• Brief:
What is the number of lines in the data below that hold the word "with"? Give nothing beyond that number.

• Data for this task:
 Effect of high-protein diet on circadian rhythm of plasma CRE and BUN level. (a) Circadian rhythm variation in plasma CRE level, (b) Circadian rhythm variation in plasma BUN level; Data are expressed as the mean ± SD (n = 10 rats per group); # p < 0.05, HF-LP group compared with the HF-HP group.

...

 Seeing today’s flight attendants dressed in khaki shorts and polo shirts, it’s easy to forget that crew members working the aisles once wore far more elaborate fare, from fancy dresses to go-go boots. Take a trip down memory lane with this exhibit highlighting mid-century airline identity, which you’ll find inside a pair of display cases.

...

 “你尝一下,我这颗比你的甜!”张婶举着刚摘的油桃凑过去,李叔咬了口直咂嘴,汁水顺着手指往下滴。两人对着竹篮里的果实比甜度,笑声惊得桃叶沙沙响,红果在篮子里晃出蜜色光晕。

• Response box:
2